SUPPLIED ENTRIES:
== Segment start ==
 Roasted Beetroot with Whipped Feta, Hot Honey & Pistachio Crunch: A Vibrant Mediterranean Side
== Segment end ==
== Segment start ==
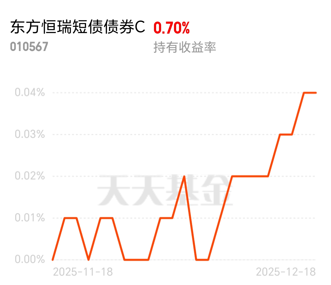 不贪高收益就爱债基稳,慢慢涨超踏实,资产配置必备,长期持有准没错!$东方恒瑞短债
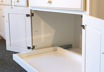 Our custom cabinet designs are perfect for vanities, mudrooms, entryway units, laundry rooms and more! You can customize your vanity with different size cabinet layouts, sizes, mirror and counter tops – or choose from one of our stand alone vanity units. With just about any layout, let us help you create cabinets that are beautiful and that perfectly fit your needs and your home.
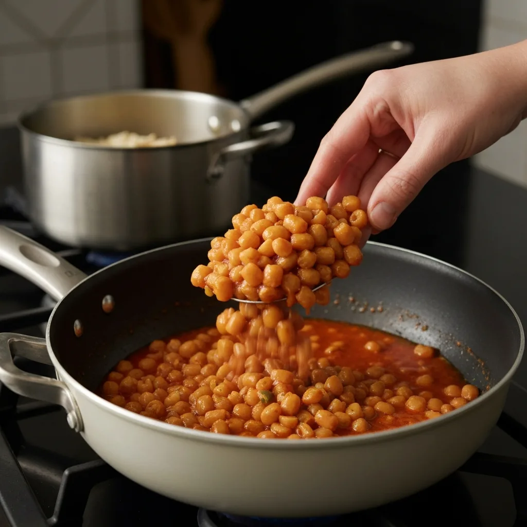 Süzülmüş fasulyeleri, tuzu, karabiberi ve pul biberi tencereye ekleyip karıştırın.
== Segment end ==
YOUR TASK: Give again, exactly as written above, each line from the one that has "不贪高收益就爱债基稳,慢慢涨" to the one that has "Süzülmüş fasulyeleri, tuzu, karabiberi", both included; omit the pictures.

EXPECTED OUTPUT:
 不贪高收益就爱债基稳,慢慢涨超踏实,资产配置必备,长期持有准没错!$东方恒瑞短债
 Our custom cabinet designs are perfect for vanities, mudrooms, entryway units, laundry rooms and more! You can customize your vanity with different size cabinet layouts, sizes, mirror and counter tops – or choose from one of our stand alone vanity units. With just about any layout, let us help you create cabinets that are beautiful and that perfectly fit your needs and your home.
 Süzülmüş fasulyeleri, tuzu, karabiberi ve pul biberi tencereye ekleyip karıştırın.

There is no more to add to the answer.